**TO DO:** Use the entries below and reproduce exactly the lines from the one containing "우리 세 식구는 채집통을" down to the one containing "Le premier shampooing", both of them included.

═════ MATERIAL PROVIDED ═════

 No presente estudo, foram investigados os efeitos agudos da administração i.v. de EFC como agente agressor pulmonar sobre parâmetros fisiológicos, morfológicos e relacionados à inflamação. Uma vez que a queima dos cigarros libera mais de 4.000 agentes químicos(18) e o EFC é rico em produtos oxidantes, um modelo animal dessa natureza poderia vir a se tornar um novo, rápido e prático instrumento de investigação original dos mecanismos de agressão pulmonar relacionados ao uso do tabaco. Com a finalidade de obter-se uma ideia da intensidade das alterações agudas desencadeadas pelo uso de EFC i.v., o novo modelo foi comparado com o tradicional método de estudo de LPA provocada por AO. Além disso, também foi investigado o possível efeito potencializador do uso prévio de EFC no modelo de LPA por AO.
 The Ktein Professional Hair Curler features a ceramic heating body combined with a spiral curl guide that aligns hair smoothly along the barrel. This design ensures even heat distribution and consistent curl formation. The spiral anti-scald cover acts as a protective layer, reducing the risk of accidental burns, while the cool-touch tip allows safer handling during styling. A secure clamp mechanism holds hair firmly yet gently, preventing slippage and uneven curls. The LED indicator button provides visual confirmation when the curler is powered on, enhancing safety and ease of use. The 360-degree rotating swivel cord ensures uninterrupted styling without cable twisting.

═════
═════ MATERIAL PROVIDED ═════

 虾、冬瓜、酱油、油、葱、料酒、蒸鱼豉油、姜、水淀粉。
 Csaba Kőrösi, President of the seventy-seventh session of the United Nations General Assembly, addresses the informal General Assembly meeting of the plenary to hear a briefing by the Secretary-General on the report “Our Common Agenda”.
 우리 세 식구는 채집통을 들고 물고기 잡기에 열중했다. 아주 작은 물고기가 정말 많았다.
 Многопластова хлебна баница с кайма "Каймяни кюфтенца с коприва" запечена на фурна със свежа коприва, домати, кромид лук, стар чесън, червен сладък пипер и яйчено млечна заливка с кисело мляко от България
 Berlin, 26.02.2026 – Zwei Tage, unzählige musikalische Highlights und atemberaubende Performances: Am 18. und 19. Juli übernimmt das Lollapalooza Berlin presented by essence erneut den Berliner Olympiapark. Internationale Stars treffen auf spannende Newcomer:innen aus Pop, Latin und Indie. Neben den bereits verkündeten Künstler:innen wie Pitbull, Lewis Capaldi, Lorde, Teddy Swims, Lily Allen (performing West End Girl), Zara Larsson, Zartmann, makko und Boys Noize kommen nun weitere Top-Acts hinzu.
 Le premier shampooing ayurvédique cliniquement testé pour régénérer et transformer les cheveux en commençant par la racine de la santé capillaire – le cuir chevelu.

═════

**RESULT:**
 우리 세 식구는 채집통을 들고 물고기 잡기에 열중했다. 아주 작은 물고기가 정말 많았다.
 Многопластова хлебна баница с кайма "Каймяни кюфтенца с коприва" запечена на фурна със свежа коприва, домати, кромид лук, стар чесън, червен сладък пипер и яйчено млечна заливка с кисело мляко от България
 Berlin, 26.02.2026 – Zwei Tage, unzählige musikalische Highlights und atemberaubende Performances: Am 18. und 19. Juli übernimmt das Lollapalooza Berlin presented by essence erneut den Berliner Olympiapark. Internationale Stars treffen auf spannende Newcomer:innen aus Pop, Latin und Indie. Neben den bereits verkündeten Künstler:innen wie Pitbull, Lewis Capaldi, Lorde, Teddy Swims, Lily Allen (performing West End Girl), Zara Larsson, Zartmann, makko und Boys Noize kommen nun weitere Top-Acts hinzu.
 Le premier shampooing ayurvédique cliniquement testé pour régénérer et transformer les cheveux en commençant par la racine de la santé capillaire – le cuir chevelu.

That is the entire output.